Ia juga berpesan kepada seluruh prajurit agar terus menjaga kondisi fisik, disiplin tempur, serta meningkatkan profesionalisme dan dedikasi dalam menjalankan setiap tugas yang diberikan.
Lebih lanjut, beliau menuturkan bahwa setiap kegiatan latihan yang dilakukan dengan niat tulus demi mempertahankan kedaulatan negara sejatinya merupakan amal ibadah. “Latihan ini bernilai ibadah karena diniatkan untuk menjaga dan mempertahankan Negara Kesatuan Republik Indonesia. Ini adalah wujud bakti kita kepada rakyat dan bangsa,” tambahnya.

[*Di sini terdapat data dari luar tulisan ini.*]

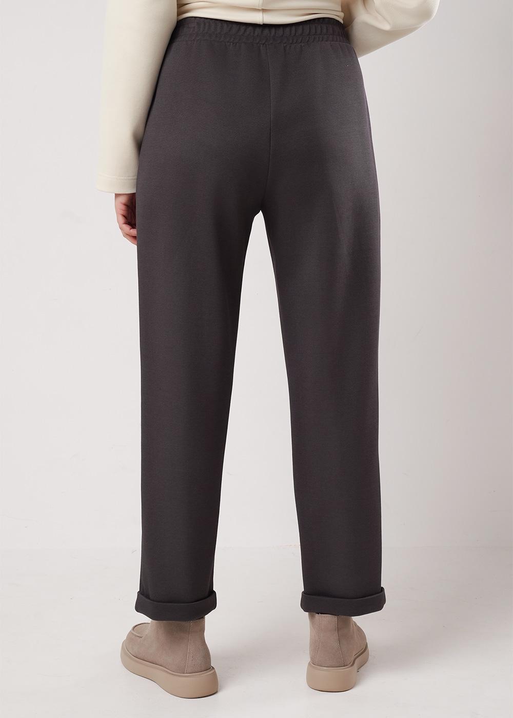 Описание: Брюки зауженные из трикотажного полотна плотное пике, умеренного объёма. Боковые карманы с отрезным бочком. Притачной пояс на внутренней резинке. По низу брюк отвороты.

Pangdam berharap semangat dan nilai juang para prajurit Yonarmed 17/RC terus terpelihara sebagai bagian penting dalam menjaga kedaulatan dan keutuhan Negara Kesatuan Republik Indonesia (NKRI).
Dengan suksesnya latihan ini, Kodam Iskandar Muda kembali menunjukkan komitmennya dalam meningkatkan kesiapan operasional satuan dan mendukung pertahanan negara di wilayah barat Indonesia. Latbakjatratnis ini sekaligus menjadi wujud sinergi dan pembinaan personel yang berkelanjutan demi mewujudkan TNI AD yang tangguh, modern, dan dicintai rakyat.